© 2026 Sinochem Nanjing Corporation,
All Right Reserved
|
HS Code |
690130 |
| Chemical Name | Yttrium(III) Oxide |
| Chemical Formula | Y2O3 |
| Molar Mass | 225.81 g/mol |
| Appearance | White powder |
| Melting Point | 2430 °C |
| Boiling Point | 4300 °C |
| Density | 5.01 g/cm³ |
| Solubility In Water | Insoluble |
| Cas Number | 1314-36-9 |
| Band Gap | 5.5 eV |
| Crystal Structure | Cubic |
| Pubchem Cid | 517165 |
| Refractive Index | 1.9 (at 1064 nm) |
| Magnetic Susceptibility | −48.0×10⁻⁶ cm³/mol |
| Einecs Number | 215-233-5 |
As an accredited Yttrium(III) Oxide factory, we enforce strict quality protocols—every batch undergoes rigorous testing to ensure consistent efficacy and safety standards.
| Packing | Yttrium(III) Oxide, 100g, is packaged in a sealed, white HDPE bottle with tamper-evident cap and clear labeling. |
| Shipping | Yttrium(III) Oxide is shipped in tightly sealed, labeled containers to prevent contamination and moisture exposure. Packaging complies with chemical safety regulations. It is transported as a non-hazardous material under normal conditions, with care taken to avoid spills and dust generation during handling and transit. Safety data sheets accompany each shipment. |
| Storage | Yttrium(III) oxide should be stored in a tightly sealed container in a cool, dry, and well-ventilated area. Keep it away from moisture, acids, and incompatible substances. The storage area should be free from ignition sources, and the material should be handled with care to avoid dust generation. Label the container clearly and restrict access to trained personnel only. |
|
Purity 99.99%: Yttrium(III) Oxide with purity 99.99% is used in phosphor manufacturing for LED lighting, where enhanced luminous efficacy is achieved. Particle Size <1 μm: Yttrium(III) Oxide with particle size <1 μm is used in advanced ceramic substrates, where improved mechanical strength and density result. Stability Temperature 2200°C: Yttrium(III) Oxide with stability temperature 2200°C is used in thermal barrier coatings for gas turbines, where superior heat resistance is provided. High Specific Surface Area: Yttrium(III) Oxide with high specific surface area is used in catalyst supports, where catalytic activity and dispersion are increased. Optical Grade: Yttrium(III) Oxide of optical grade is used in production of yttrium-aluminum garnet (YAG) lasers, where efficient laser generation and low energy loss occur. Low Impurity Level: Yttrium(III) Oxide with low impurity level is used in electronics ceramic capacitors, where dielectric stability and device reliability are improved. Nanoscale: Yttrium(III) Oxide in nanoscale form is used in biomedical imaging, where high contrast and biocompatibility are achieved. High Thermal Conductivity: Yttrium(III) Oxide with high thermal conductivity is used in electronic heat sinks, where rapid heat dissipation is ensured. Sintering Grade: Yttrium(III) Oxide of sintering grade is used in plasma spray coatings, where dense and uniform coating layers are produced. High Refractive Index: Yttrium(III) Oxide with high refractive index is used in optical coatings, where improved light transmission and optical clarity are obtained. |
Competitive Yttrium(III) Oxide prices that fit your budget—flexible terms and customized quotes for every order.

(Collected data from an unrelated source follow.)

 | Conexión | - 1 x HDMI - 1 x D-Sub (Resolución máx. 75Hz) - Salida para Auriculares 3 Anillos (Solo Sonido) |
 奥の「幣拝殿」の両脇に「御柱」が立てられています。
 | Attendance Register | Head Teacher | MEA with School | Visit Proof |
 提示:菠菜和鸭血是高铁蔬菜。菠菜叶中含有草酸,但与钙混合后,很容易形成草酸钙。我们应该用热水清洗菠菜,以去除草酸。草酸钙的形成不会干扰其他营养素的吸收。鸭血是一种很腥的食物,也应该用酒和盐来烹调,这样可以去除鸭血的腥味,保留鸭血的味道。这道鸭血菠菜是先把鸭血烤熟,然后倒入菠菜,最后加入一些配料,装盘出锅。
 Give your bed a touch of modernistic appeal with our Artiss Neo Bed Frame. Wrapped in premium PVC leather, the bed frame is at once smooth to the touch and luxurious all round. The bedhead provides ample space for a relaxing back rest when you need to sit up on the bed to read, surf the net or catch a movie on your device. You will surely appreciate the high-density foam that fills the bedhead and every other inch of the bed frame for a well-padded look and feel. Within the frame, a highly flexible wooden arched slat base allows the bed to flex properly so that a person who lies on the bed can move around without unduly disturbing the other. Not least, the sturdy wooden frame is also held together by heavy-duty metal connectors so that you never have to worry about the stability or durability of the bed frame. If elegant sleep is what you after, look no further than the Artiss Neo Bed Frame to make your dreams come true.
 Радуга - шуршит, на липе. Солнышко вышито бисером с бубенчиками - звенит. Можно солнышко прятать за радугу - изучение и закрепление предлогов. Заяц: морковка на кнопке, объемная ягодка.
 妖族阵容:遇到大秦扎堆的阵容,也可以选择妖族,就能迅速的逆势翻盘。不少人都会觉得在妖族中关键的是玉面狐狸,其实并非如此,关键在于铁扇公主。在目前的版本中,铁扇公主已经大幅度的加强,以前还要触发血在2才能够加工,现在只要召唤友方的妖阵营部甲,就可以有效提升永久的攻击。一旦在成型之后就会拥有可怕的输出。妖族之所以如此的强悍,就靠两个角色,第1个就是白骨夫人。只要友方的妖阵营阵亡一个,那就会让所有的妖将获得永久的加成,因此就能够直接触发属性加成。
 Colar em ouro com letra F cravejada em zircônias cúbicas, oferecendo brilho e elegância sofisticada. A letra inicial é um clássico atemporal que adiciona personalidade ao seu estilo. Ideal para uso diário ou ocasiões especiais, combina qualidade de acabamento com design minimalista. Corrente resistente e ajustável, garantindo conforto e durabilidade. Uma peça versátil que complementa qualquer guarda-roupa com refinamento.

For samples, pricing, or more information, please call us at +8615371019725 or mail to admin@sinochem-nanjing.com.
We will respond to you as soon as possible.
Tel: +8615371019725
Email: admin@sinochem-nanjing.com
Flexible payment, competitive price, premium service - Inquire now!
There’s a buzz around Yttrium(III) Oxide in labs and factories grinding out high-performance ceramics, lasers, and displays. Ask anyone working in specialty materials—choosing the right oxide shapes the outcome from the ground up. Model Y2O3-HQ850 was developed with deep attention to purity, powder behavior, and the requirements of advanced electronics, not just for show. I remember shadowing a team testing rare earths; we hustled to produce a batch without unreliable phase changes. Many versions showed inconsistent color or led to poor sintering results. HQ850 became familiar for its tight particle distribution and transparency after firing. Data from suppliers and end-users show purity sits above 99.99%, and the manufacturer’s care at every synthesis step keeps rare earth contaminants below the level that would interfere with demanding work. For lasers or phosphors, junk elements can mean the difference between a winning product and a costly dud.

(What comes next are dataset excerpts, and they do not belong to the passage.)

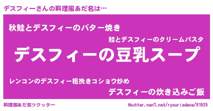 | 胡散臭い通販商品みたいなあだ名 | 『信頼と実績のサプリメント…その名も「デスフィー」』 |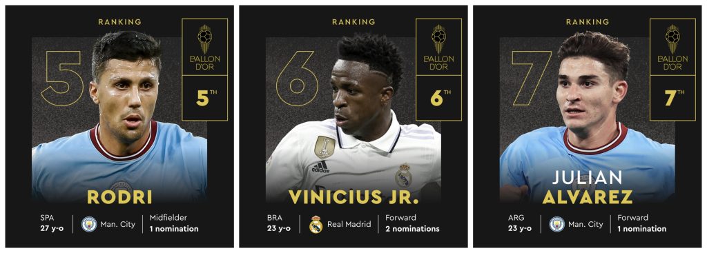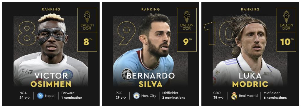 22:13 Pozițiile 8, 9 și 10 au fost dezvăluite! Osimhen de la Napoli e pe 8, Bernardo Silva pe 9, iar Modric pe 10!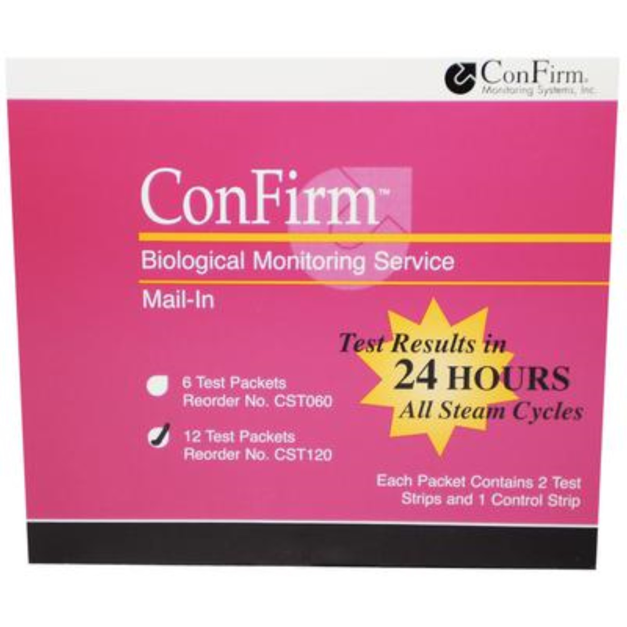 ConFirm? Biological Monitoring Service is the most comprehensive mail-in service in healthcare, with results in just 24 hours! Everything you need to verify sterilizer performance, even to help you stay on your testing schedule. Test results in 24 hours - Steam cycle test results in 24 hours; your choice of immediate test failure notification by telephone, fax or email; complete sterilization test results are faxes or emailed quarterly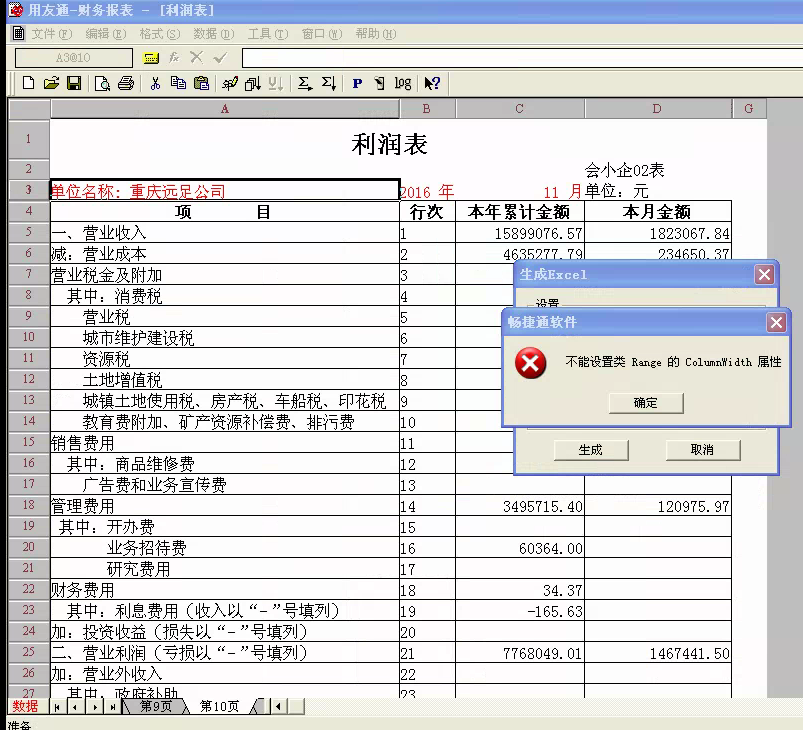 用友t3财务报表导出EXCL时提示"不能设置类Range的ColumnWidth属性"如何解决?

Yttrium oxide plays a different game than cheaper alumina or zirconia. Where they offer strength or price savings, Y2O3 digs in with chemical stability and transparency in the visible and infrared range. Folks working with infrared optics or advanced lighting don’t just pick it for cost; there are only a few candidates that transmit those wavelengths while retaining hardness and resistance to melting or deformation. It’s not only about performance on paper—the real world brings challenges like handling, storage, and process yield. HQ850 powder manages fine flow properties and tends not to agglomerate like some lower-end models. In continuous-flow machinery or automated presses, clogged lines or erratic dosing can wipe out productivity. The model is sold in the 0.5-2µm mean particle range, tightly controlled because smooth processing means fewer headaches later.

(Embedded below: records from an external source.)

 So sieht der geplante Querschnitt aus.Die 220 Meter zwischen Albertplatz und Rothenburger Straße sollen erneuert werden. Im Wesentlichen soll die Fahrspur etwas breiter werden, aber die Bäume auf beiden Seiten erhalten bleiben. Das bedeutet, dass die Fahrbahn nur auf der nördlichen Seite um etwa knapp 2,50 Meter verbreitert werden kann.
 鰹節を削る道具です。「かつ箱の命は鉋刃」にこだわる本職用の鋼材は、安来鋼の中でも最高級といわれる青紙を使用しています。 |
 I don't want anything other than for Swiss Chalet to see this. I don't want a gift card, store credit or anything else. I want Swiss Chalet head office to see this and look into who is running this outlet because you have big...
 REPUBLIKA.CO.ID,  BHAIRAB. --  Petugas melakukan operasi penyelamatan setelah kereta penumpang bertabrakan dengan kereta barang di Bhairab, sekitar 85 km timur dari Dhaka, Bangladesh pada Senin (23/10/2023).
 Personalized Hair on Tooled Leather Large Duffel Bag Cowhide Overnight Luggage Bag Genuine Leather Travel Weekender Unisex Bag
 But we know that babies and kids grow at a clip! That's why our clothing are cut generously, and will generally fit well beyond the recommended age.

Every research lab wants results that make their findings count. Impurities scuttle the reliability of data. I’ve faced frowns in meetings after batches showed unwanted trace metals—suddenly, hours of work dissolved. For model HQ850, XRF and ICP tests show rare earths well below 0.01%, so even sensitive optical and electronic uses see fewer unpredictable failures. Reading independent reports, even trace-level iron or silicon drastically lowers emission or absorption in phosphors and up-converts in laser hosts. Factories find that using low-grade Y2O3 can generate scrap rates rising past 12%, while better grades, like HQ850, cut them to less than 2%. Few realize these “invisible” contaminants cost real money and time.
Take the lighting industry. Delicate LED phosphors need hosts that don’t dull over time. In the 1990s, cheaper blends often failed burn-in tests, shifting color or fading in days or weeks. Now, with careful powder production and diligent batch tests, materials like Y2O3-HQ850 stretch the shelf life and performance. At a phosphor factory I visited, engineers explained that stabilized batches let them tune recipes for cleaner output, letting customers trust that a light purchased today matches the description months from now.
In structural ceramics, Yttrium(III) Oxide punches above its weight. Sintered tiles and crucibles handle energy-intensive tasks like melting specialty glass or refining high-value metals. Some skeptics ask whether paying more for high-grade powders is worthwhile when alternatives exist. Alumina breaks down under extreme alkaline or fluoride conditions, even morphing its surface chemistry. Y2O3, on the other hand, won’t flinch in atmosphere swings between oxidizing and reducing, and it shrugs off attacks from hot alkali salts. Furnace operators swap out old ceramic linings less often, and metallurgists rarely see spills or breakdowns caused by peeling or dissolved materials.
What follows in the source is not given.